● EXERCISE DETAILS
Write out the lines of the material below exactly, beginning at the line with "College President Amy" and stopping after the line with "D2を起動して、メニューの「ファイル」-「プロジェクトを開く」を選択します。", and leave out the pictures.

● PROVIDED DATA
►

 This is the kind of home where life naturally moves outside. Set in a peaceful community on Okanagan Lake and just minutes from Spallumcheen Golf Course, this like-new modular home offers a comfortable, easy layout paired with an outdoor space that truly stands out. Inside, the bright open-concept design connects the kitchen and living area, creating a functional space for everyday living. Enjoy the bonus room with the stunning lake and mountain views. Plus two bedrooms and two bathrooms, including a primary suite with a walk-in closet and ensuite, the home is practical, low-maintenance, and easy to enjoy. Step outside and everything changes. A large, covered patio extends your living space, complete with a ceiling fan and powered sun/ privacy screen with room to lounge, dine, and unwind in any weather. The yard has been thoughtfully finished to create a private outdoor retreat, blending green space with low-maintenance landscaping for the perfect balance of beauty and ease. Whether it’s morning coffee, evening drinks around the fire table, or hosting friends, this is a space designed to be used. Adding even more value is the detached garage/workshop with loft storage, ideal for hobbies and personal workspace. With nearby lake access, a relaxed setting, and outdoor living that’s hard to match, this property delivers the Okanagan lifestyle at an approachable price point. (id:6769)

◄
►

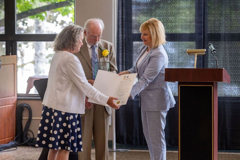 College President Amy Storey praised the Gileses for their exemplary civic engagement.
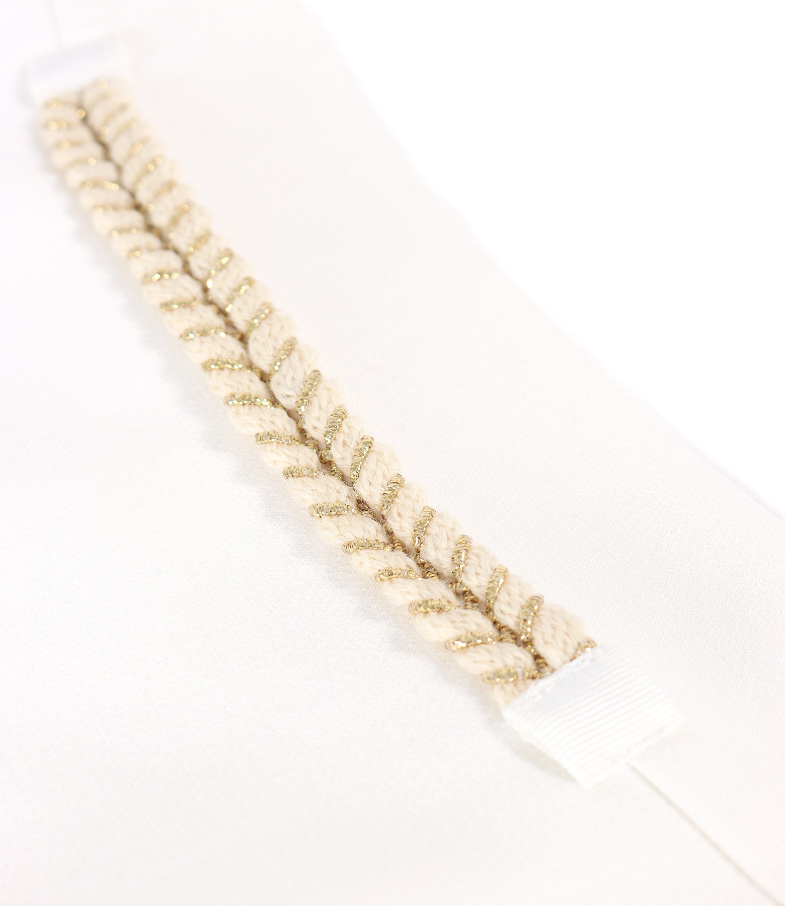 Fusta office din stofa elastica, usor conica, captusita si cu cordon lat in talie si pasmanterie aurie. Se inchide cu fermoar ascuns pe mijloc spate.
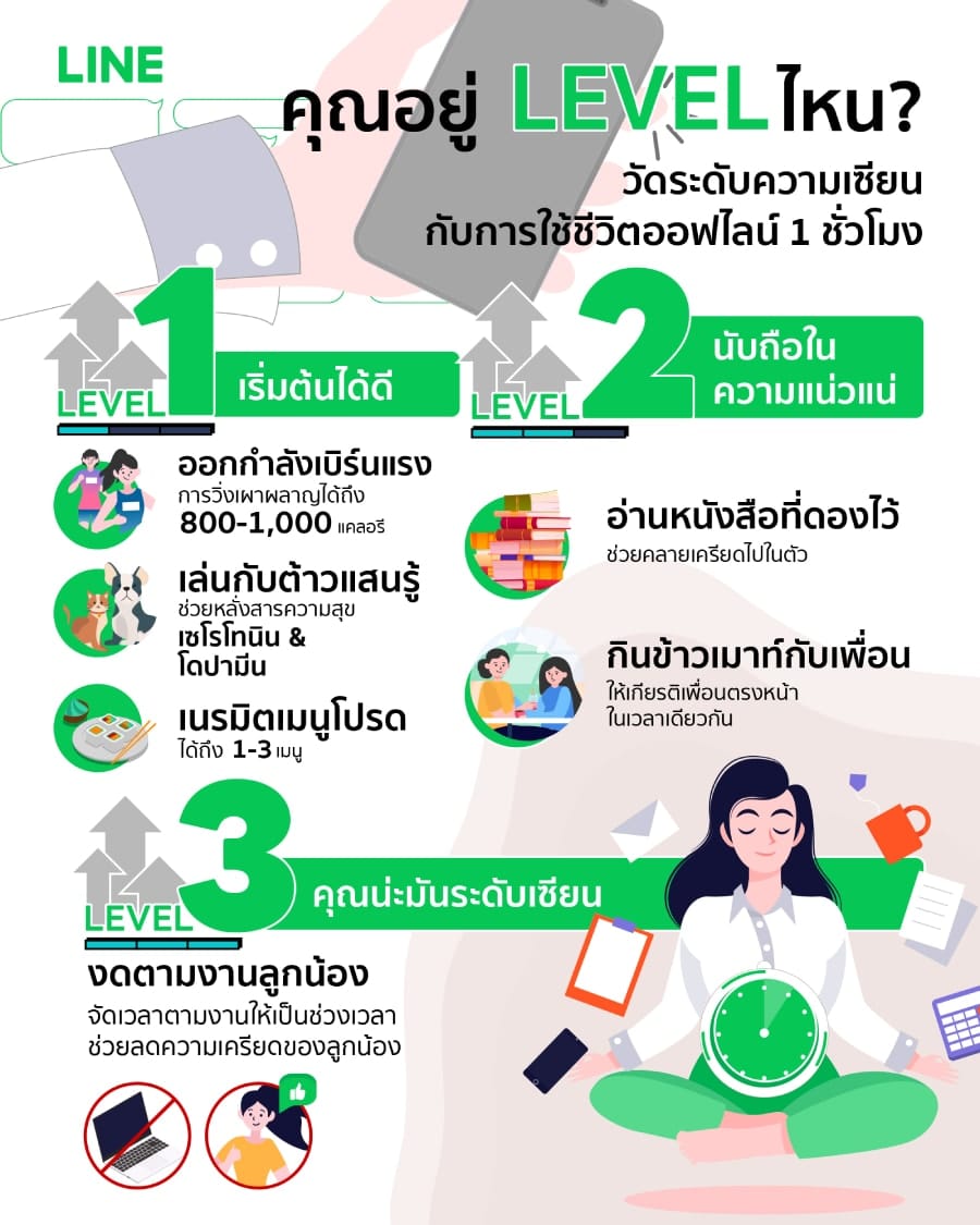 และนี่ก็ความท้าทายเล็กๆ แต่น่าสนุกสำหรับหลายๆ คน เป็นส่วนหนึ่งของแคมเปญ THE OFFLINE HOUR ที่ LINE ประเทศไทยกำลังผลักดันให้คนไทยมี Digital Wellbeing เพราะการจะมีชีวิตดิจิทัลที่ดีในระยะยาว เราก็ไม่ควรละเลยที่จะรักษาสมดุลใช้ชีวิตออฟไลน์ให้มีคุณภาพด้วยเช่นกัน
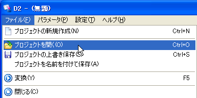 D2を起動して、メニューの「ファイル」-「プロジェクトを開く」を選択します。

◄

● ANSWER TO THE EXERCISE
 College President Amy Storey praised the Gileses for their exemplary civic engagement.
 Fusta office din stofa elastica, usor conica, captusita si cu cordon lat in talie si pasmanterie aurie. Se inchide cu fermoar ascuns pe mijloc spate.
 และนี่ก็ความท้าทายเล็กๆ แต่น่าสนุกสำหรับหลายๆ คน เป็นส่วนหนึ่งของแคมเปญ THE OFFLINE HOUR ที่ LINE ประเทศไทยกำลังผลักดันให้คนไทยมี Digital Wellbeing เพราะการจะมีชีวิตดิจิทัลที่ดีในระยะยาว เราก็ไม่ควรละเลยที่จะรักษาสมดุลใช้ชีวิตออฟไลน์ให้มีคุณภาพด้วยเช่นกัน
 D2を起動して、メニューの「ファイル」-「プロジェクトを開く」を選択します。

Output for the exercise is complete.